The execution of these sentences were carried out 4 days after their expedition, being one of the most cruel and brutal carried out during the colony: Micaela Bastidas was sentenced to die by the garrote, however, as her neck was very thin, Death by suffocation could not be confirmed, so her executioners kicked her in the belly to death, but not before having cut out her tongue to avoid hearing her screams. Túpac Amaru, who also had his tongue cut out, had to watch the horrible death of his wife and the hanging of his son Hipólito, to later be tied by his extremities to thick ropes that would be pulled by four horses for his dismemberment. However, the animals were unable to dismember the solemn victim, so after a time of terrible suffering, the visitor Areche would order his head to be cut off and dismembered using an axe.
All this observed by his other son, Mariano. Once the sentence was completed, each part of his body was sent to a town in the rebel zones: his head was sent to the town of Tinta, an arm to Tungasuca, the other to the province of Carabaya, a leg to the town of Livitaca in Chumbivilcas, and the other to the town of Santa Rosa in Lampa. All this with a spirit of warning and frightening the peoples who want to join the rebellion.
The surviving children of Túpac Amaru, Mariano, 22, and Fernando, 12, with nearly 80 relatives, were expelled from the Viceroyalty of Peru, having to walk from Cuzco to Lima, in a true walk of death, crossing punas and mountain ranges . frosts suffering the inclemency of the weather and of the men, for finally, those who managed to survive, to be locked up in the fortress of Real Felipe and then to be shipped to the prisons of Africa and Spain. Of all the deportees , only one half-brother of Túpac Amaru managed to survive: Juan Bautista, who returned to America after 40 years in prison, managing to write his memoirs called "Forty years of captivity", where he would recount the cruelty and cruelty suffered by his family.

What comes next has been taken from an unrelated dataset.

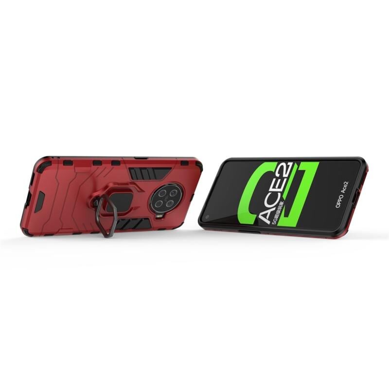 Για OPPO Ace2 PC + TPU Shockproof προστατευτική θήκη με μαγνητικό δακτύλιο κάτοχος (κόκκινο)
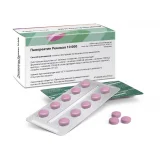 Действующее вещество: Панкреатин1, соответствующий ферментативной активности: липазы – не менее 10000 ЕД, амилазы – не менее 7500 ЕД, протеазы – не менее 375 ЕД Вспомогательные вещества: целлюлоза микрокристаллическая 102 – 52,000 мг, кросповидон – 18,000 мг, магния стеарат – 1,867 мг, кремния диоксид коллоидный (аэросил) – 1,533 мг, лактозы моногидрат – до получения таблетки без оболочки массой 300,000 мг Состав оболочки: метакриловой кислоты и этилакрилата сополимер (1:1) – 12,200 мг, тальк – 6,780 мг, титана диоксид – 5,050 мг, гипромеллоза – 4,800 мг, триэтилцитрат – 3,900 мг, полисорбат 80 (твин 80) – 0,690 мг, кармеллоза натрия (натрия карбоксиметилцеллюлоза) – 0,440 мг, макрогол 6000 (полиэтиленгликоль 6000) – 0,210 мг, симетикона эмульсия 30 % (сухая масса)2 – 0,163 мг, краситель азорубин (кармуазин) – 0,022 мг 1 Количество может варьироваться в зависимости от липолитической активности исходной субстанции. Допустимо использование субстанции с липолитической активностью от 80 ЕД/мг до 44 ЕД/мг. 2 В состав эмульсии входят симетикон (30 %), эмульгаторы (5-10 %), консерванты (0,5-1,0 %), вода очищенная (60-65 %).

at the hands of his Spanish captors. The death of Túpac Amaru marked the end of a cycle of anti-colonial indigenous uprisings and the beginning of the independence dream in America, both his actions and his suffering mobilized men and ideas throughout the American continent, failing to silence his memory despite his death. Alejandro Romualdo, an outstanding Peruvian poet, represented the death and transcendence of Túpac Amaru II in the following way: They will take out his dreams and his eyes They will want to dismember him screaming.
They will spit it out. And with killing blows they will nail him: and they will not be able to kill him! They will want to fly it and they will not be able to fly it.
They will want to break it and they will not be able to break it. They will want to kill him, but, They will not be able to get it. On the third day of suffering, when everything is created consummated, shouting freedom!
on earth, must return. And they won't be able to kill him.